While an ace pitcher in Japan, Kuroda said it was his habit each spring to air it out at least once in a “nagekomi” bullpen session of around 300 pitches. While Daisuke Matsuzaka blamed the Boston Red Sox’s ban on nagekomi for his arm troubles in the United States, Kuroda said he easily junked the practice when moving to the big leagues.
“Nobody ever said it’s prohibited,” Kuroda said. “But I came to pitch here and thus it was natural that I do things the way they do them here. I don’t even do it all now.”
“I think it was just something you live with. I understood my context was different and within that context I was resolved to do the best I could. The way of thinking is completely different here, and it only follows that if you’re going to really come over here and get it done, that you have to do it all the way.”
Although he said his two-seam sinking fastball is still the center of his game, his approach has changed — as much because of his age as the different challenges major league hitters pose.
“In Japan I was more of a pound-the-zone, overpower-batters-with-my-fastball, strikeout pitcher,” he said.

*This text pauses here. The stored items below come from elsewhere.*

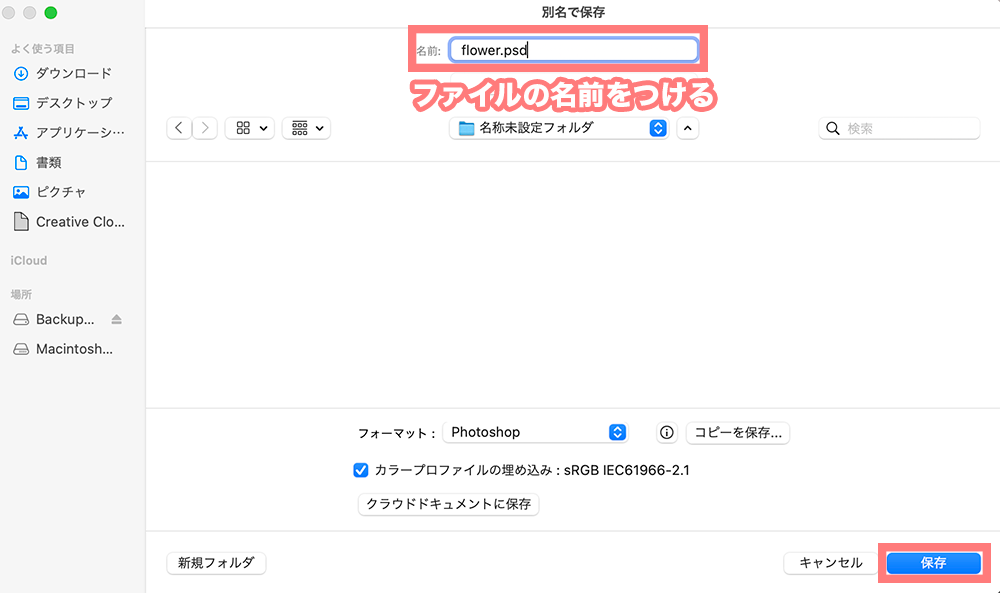 完成したら、保存していきます。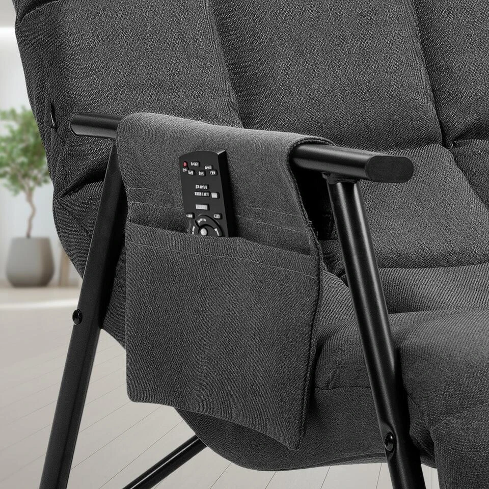 De dikke vulling over de rugleuning, zitting en voetensteun is essentieel. De zit- of ligpositie kan worden aangepast omdat de rugleuning en voetsteun verstelbaar zijn. Armen kunnen op de armleuningen worden geplaatst. Eén armleuning is voorzien van een zijvak voor persoonlijke spullen.
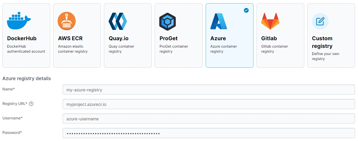 From the menu select Registries then click Add registry and select Azure as the registry provider.
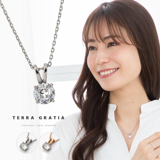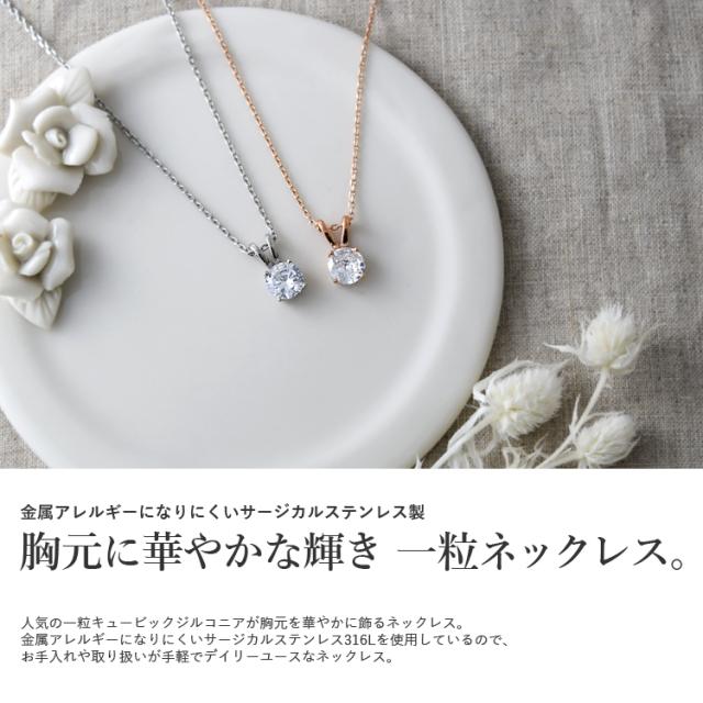 一粒 ジルコニア ネックレス レディース ステンレス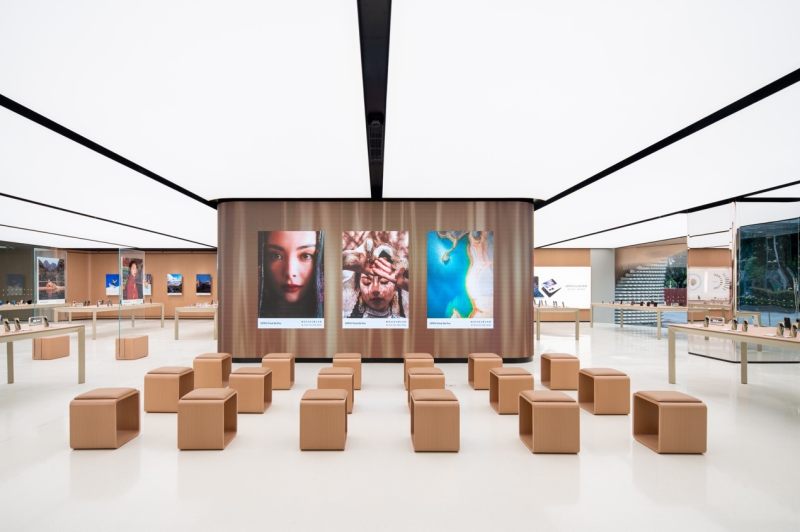 在功能设计上,广州旗舰店将产品展示与生活方式相结合,除产品展示区域外,还增加了多功能区和服务区域。多功能区设置了超影像橱窗展示,让用户的艺术创意融入旗舰店;同时,还为消费者提供共创交流空间,例如:摄影师、艺术家交流共创课堂、手绘DIY等丰富的交流体验。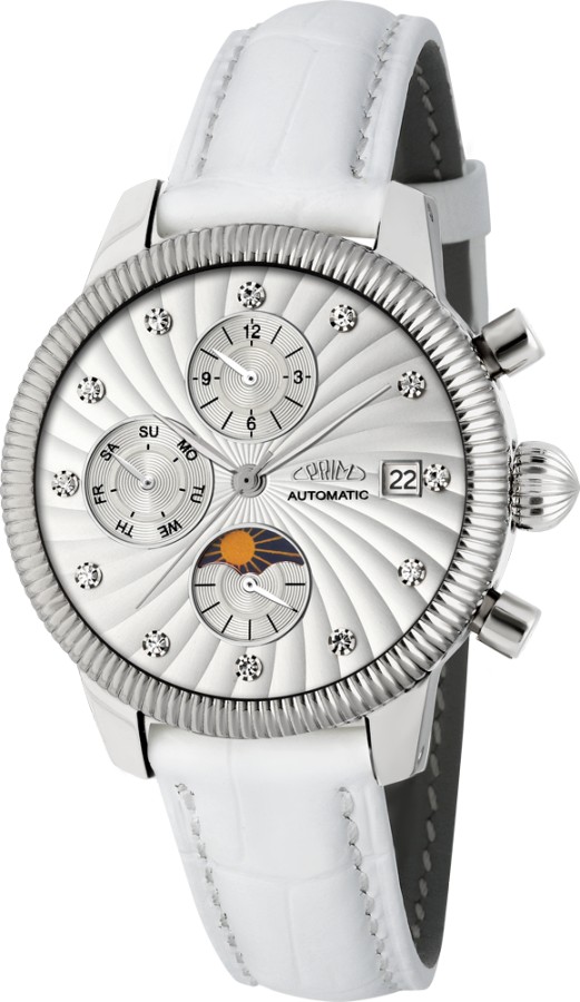 PRIM Fashion jsou dámské automatické multifunkční hodinky. Elegantní a velmi propracované pouzdro je vyrobeno z ušlechtilé nerezové oceli 316 L upravené kartáčováním,vyleštěné do vysokého lesku. Hodinky jsou uzavřené safírovým konkávním sklem, které přidává hodinkám na odolnosti. Trendy barevný či reliéfní ciferník s datumem, dnem v týdnu, měsícem a 24 hodinový číselník s fází dne a noci. Hodinky jsou uzavřené šroubovacím dýnkem s popisem hodinek. Jedná se o jemný strojek, proto je třeba dbát na šetrné zacházení. Mechanismus se natahuje automaticky z pohybů Vašeho zápěstí při běžném nošení nebo mechanickým otáčením korunky. Tyto hodinky jsou dodány v elegantní krabičce spolu se záručním listem.
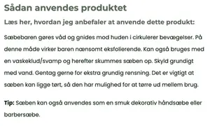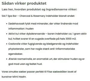Sæben er naturlig hård grundet det høje indhold af salt, hvilket gør den ideel i badet og bruseren, da den ikke bliver blød og flyder ud. Skummet er tykt og cremet og baren eksfolierer blidt mod huden, samt har en let duft af rosmarin. Det er den perfekt spa bar!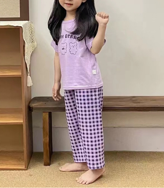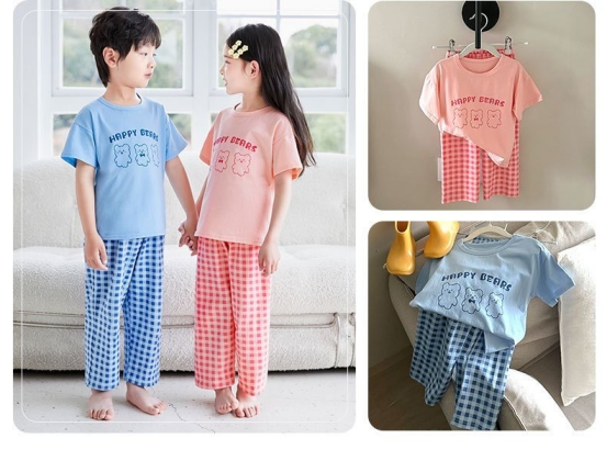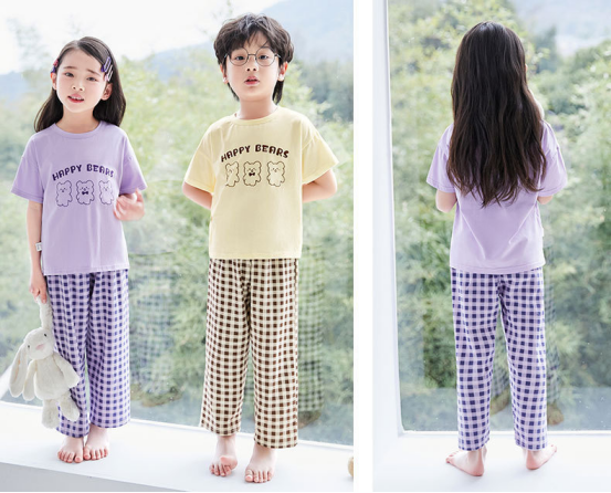 💫比裸睡还舒服❗️【索菲文·亲子格纹莱卡棉家居服】 🍁藏在云朵里的舒适❗️一套解决N种需求,居家or打底or睡衣🎉🎉儿童亲子款 短袖➕九分裤 ❗像果冻一样清新马卡龙配色,质感绝啦!好看又好穿!视觉上看着舒服,手感上更加轻柔〰️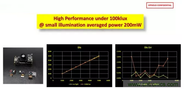 炬佑智能在ToF感知功能方面做了大量的開發(fā),劉洋先生在現(xiàn)場為大家展示了炬佑智能開發(fā)的3D ToF傳感芯片和模組的測試結果。經(jīng)過炬佑智能自己研發(fā)的智能算法校正后,ToF傳感器在不同背景光的反射率誤差從6%下降到1.4%以下;通過傳感器融合,940nm ToF傳感器在室外的探測精度達到5‰以下;在室外強光環(huán)境下,通過動態(tài)算法的提升,在100klux、照明平均功耗在200mW的水平下,3D ToF傳感模組表現(xiàn)出非常優(yōu)秀的性能。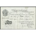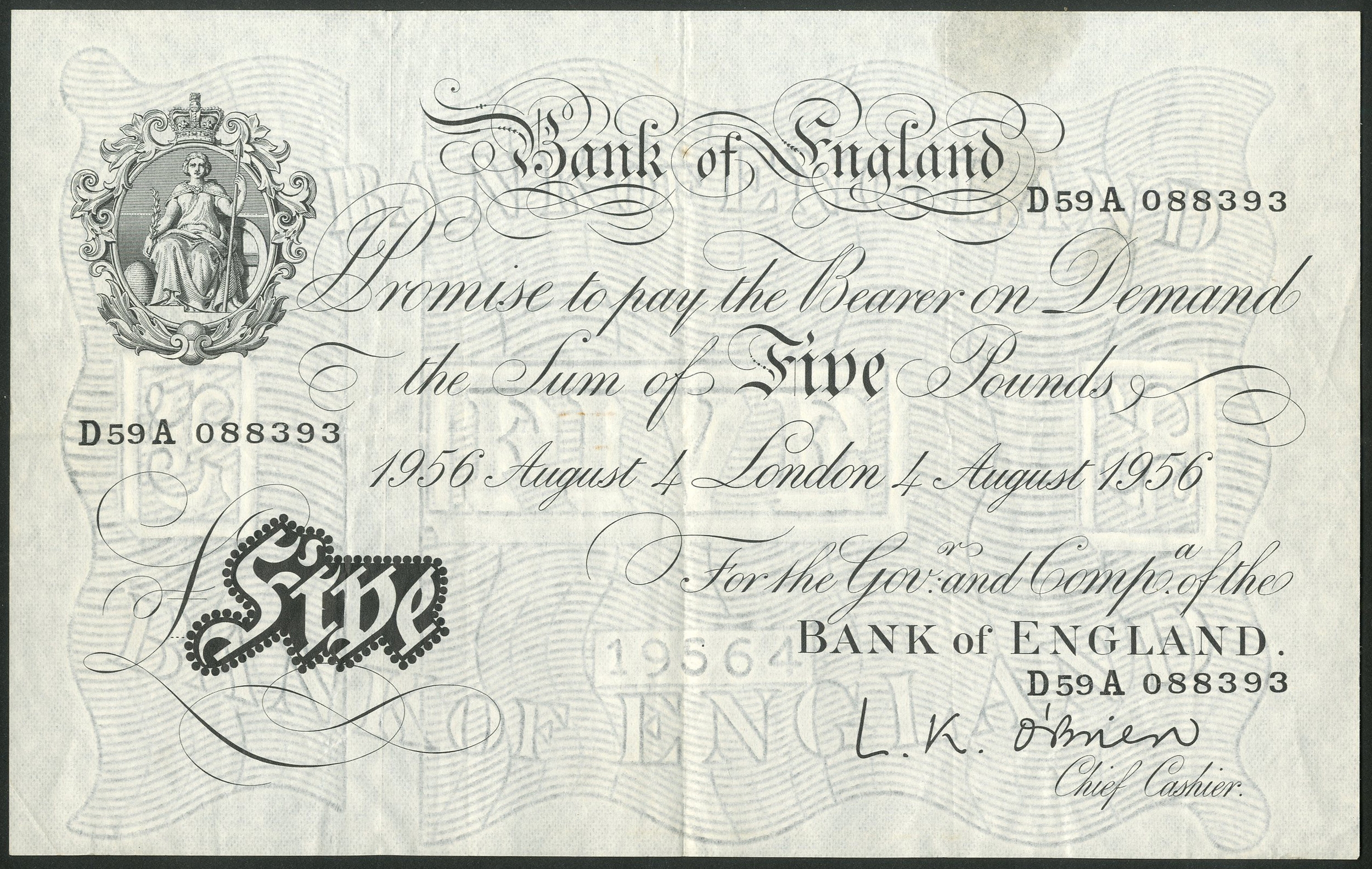 Bank of England, L. K. O'Brien, 5 pounds, 4th August 1956, #D59A 088393 (EPM B276). VF.

“In America there are a lot of pitchers who throw harder than me, a lot of pitchers with amazing pitches, so it was a matter of finding a place in American baseball where I could exist, finding a version of my style that worked here as quickly as possible.”
“Some of that is how you use the ball. If you don’t strike out lots of batters you can potentially keep your pitch counts down and work more innings.”
Yet, the biggest challenge came in the context of a 162-game season over a shorter span of time played over four time zones with fewer days off between starts.
“It wasn’t particularly a surprise, but the effort to work 200 innings without injury (was the hardest),” he said. “The meaning of 200 innings is that is a prerequisite to be considered an ace-caliber pitcher. Unlike Japan, a starting pitcher in the majors is with the team all the time on every road trip and be on the bench through every game.
“In the majors, with the jet lag and time differences, it really struck me how hard it is to do that here. That first year was the most exhausting.”